And mine too, of course, but I am a little too old for something THAT strenuous. I mean, Bo does all these things in the show that require a huge performance effort AND a lot of precise timing. I can’t imagine doing that myself.

A little part of me worries that comedy will eventually get too dense and fast for even me, Mister Comedy himself. That would make me pretty sad.

But hey, nothing says I can’t write high density comedy.

I just can’t perform it!

Lions and dogs

So far, Operation Have A Big Ego is working out okay.

Of course, deciding to do it and doing it are two different things. Like everything else, this will be a process. I have a hell of a lot of unlearning to do, and a hell of a lot of new trail to break in this mind of mine.

But the decision to go this route really crystallized when I was explaining it to my therapist yesterday. (Funny how I often figure things out while talking about them. I guess that is what therapy is for, really.)

I told him that I can’t go the sane, logical, restrained middle route. The one where you have a reasonable ego and believe in yourself in the proper, quiet, make sure you’re not a burden on others with your negative crap way. I am increasingly cognizant of the fact that I am a passionate, emotional person, and far from being a weakness, that is the source of my greatest strength and my greatest power.

My enormous crystalline intellect has strength, but no power. It’s fine tools with no hands to use them, it’s a fine automobile with no fuel to fuel it.

The power for my Great Machine can only come from passion unleashed and feelings deeply felt. I want to feel more, do more, care more, and be more.

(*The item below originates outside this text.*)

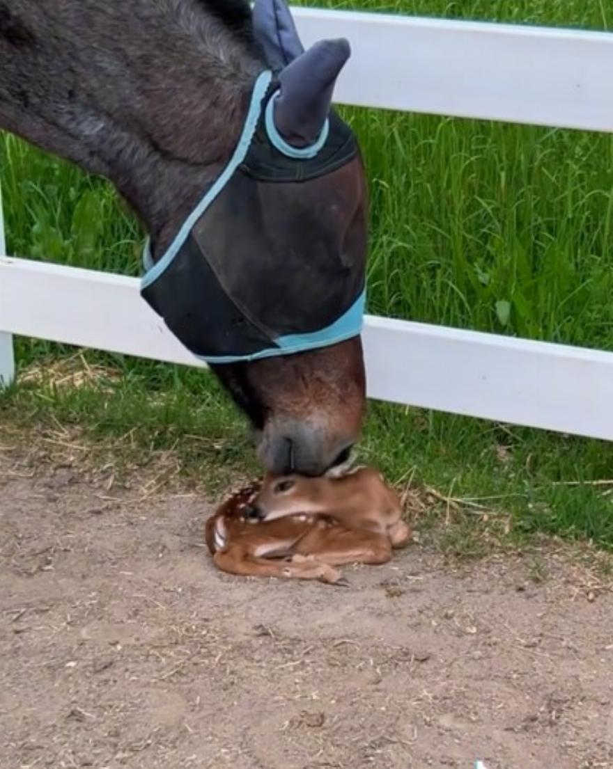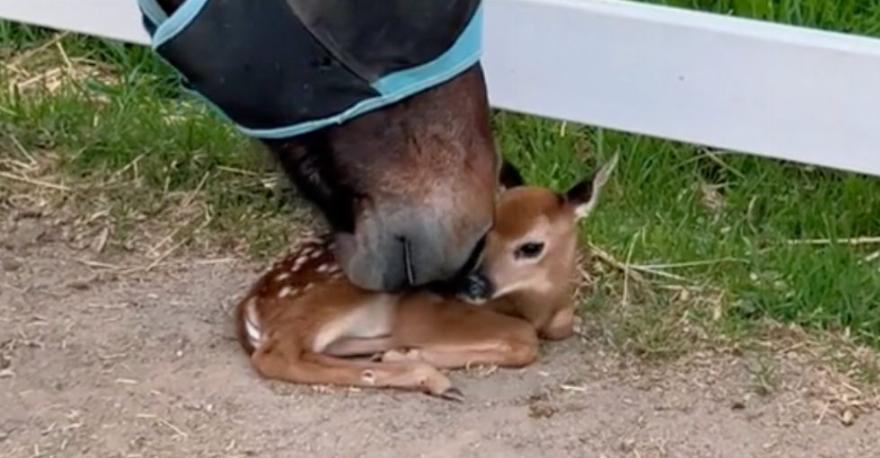 Το βίντεο δείχνει ένα μουστάνγκ να πλησιάζει μια ελαφίνα στην άκρη του μαντριού της. Με απόλυτη τρυφερότητα, το άλογο χαιρετά το μικρό πλάσμα, δείχνοντας έναν βαθύ δεσμό που προκαλεί δέος.
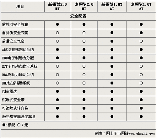 在安全配置方面,新老領(lǐng)馭2.0排量入門車型安全配置完全一致,沒(méi)有任何改變。而新領(lǐng)馭1.8T車型較老款車型增配了前后安全氣簾及ESP車身動(dòng)態(tài)穩(wěn)定系統(tǒng)等安全裝備。由此可見(jiàn),新領(lǐng)馭1.8T車型的安全性能有所提升。

Abd so I can’t stay in a tidy little ego box any more. I realized that I have been harshly restraining my belief in myself for most of my life out of fear of the manic madness of egomania, and fear of taking responsibility for my inherent power.

I have long wondered why it was so hard for me to truly integrate my observable good qualities into my self-image… why the fact that I have some extraordinary good qualities never seemed to help with my self-esteem.

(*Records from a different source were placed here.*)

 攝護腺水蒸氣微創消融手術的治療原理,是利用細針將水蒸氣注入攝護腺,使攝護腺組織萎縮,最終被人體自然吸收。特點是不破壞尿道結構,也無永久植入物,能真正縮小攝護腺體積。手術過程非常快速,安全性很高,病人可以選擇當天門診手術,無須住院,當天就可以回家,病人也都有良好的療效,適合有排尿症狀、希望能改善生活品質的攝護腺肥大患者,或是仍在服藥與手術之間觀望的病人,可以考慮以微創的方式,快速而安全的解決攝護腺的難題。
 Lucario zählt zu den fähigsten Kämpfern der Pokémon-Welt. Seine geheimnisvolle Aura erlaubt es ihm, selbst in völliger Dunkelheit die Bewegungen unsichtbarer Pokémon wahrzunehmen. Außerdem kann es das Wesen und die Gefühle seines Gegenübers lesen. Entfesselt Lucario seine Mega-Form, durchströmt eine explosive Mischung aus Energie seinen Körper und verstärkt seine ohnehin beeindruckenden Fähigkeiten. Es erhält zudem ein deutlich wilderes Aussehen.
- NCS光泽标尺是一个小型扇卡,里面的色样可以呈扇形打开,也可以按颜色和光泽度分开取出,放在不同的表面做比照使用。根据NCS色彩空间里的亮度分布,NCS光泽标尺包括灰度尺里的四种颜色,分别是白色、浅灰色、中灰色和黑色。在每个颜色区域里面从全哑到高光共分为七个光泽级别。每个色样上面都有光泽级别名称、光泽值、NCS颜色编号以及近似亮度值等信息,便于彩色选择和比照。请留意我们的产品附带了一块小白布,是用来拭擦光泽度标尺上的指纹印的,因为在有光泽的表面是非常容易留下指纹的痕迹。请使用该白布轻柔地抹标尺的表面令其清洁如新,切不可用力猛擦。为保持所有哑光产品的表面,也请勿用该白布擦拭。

I see now that I was afraid to face the truth of it. My power scared me and made me feel like I was losing my grip on reality because, despite my intellect, I am a product of middle class society and as such I have no framework, no model for how to deal with the fact that you are extraordinary.

And my mind kept up the illusion by producing an impressive feeling of manic madness whenever I contemplated my strong points. Thought like “I am a god amongst men!” were produced in convincing qualities in order to scare me off of thinking about my strengths. As bad as it is to be depressed, that kind of insanity is utterly terrifying to me.

That is the sort of thing that could cause me to finally lose grip on my connection to reality. Or so I thought.

But now I realize that those thoughts come from the vast temperature difference in my mind, the big insulated wall between my dominant cold intellect and gigajules of latent emotional energy. Of course when you stop holding the ego down, it will immediately leap to the opposite end of the scale… the equal and opposite madness.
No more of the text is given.